The second daughter, Eileen, also went away in the war, to work extremely hard as a Land Army Girl in Wiltshire. She married her tractor driver, who was much lazier than she was, set up home there and raised two children of her own. Eileen was lovely, funnier even than her mother, especially with her weird adopted country accent, and probably anyone else I can think of. She died tragically young, at 51, and came back to D Block in Sutton Dwellings for her final weeks, where helping to looking after her remains what I am most proud to have done.

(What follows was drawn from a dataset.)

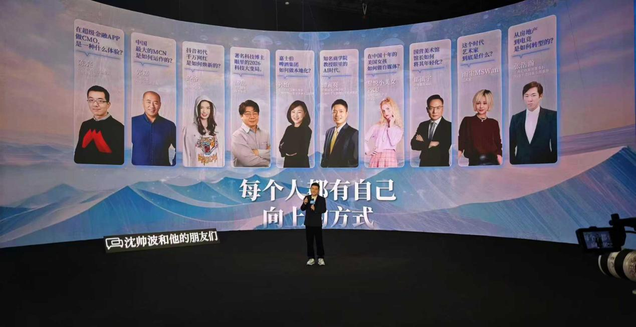 2025年,沈帅波在深度内容领域不断深耕。创新深度内容策划“沈帅波和他的朋友们”已连续举办四季,邀请了诸如阶跃星辰副总裁李璟、欧莱雅北亚及中国公共事务总裁兰珍珍、蚂蚁集团资深副总裁/首席市场官陈亮等科技、消费、教育、艺术、体育等各领域专业人士,收获300万以上直播观看,近亿次曝光。

Una, the youngest daughter, was a model aunt to me: kind, enthusiastic, a compelling talker and a great listener. She excelled academically, and won numerous prizes at her school, the Sacred Heart. She qualified as a nurse and subsequently as a midwife, for which she won the gold medal as top of her intake. She spent all of her career in the NHS, mostly at Westminster Hospital and latterly at Roehampton, apart from a period as an RAF officer, where she was highly regarded for her work supervising the evacuation of casualties by air. Her parents sometimes exasperated her – whose don’t ? – but it is beyond doubt that she loved them to pieces, and that their footsteps continued to echo the most resonantly through her life long after they had died.
So in honour of my aunt, her parents and siblings – Sutton Dwellers all – and of all the others whether known or forgotten who have passed through that community, it seems fitting that her passing should briefly be marked in the Dwellings, and that at least some modest part of those Dwellings themselves should be conserved.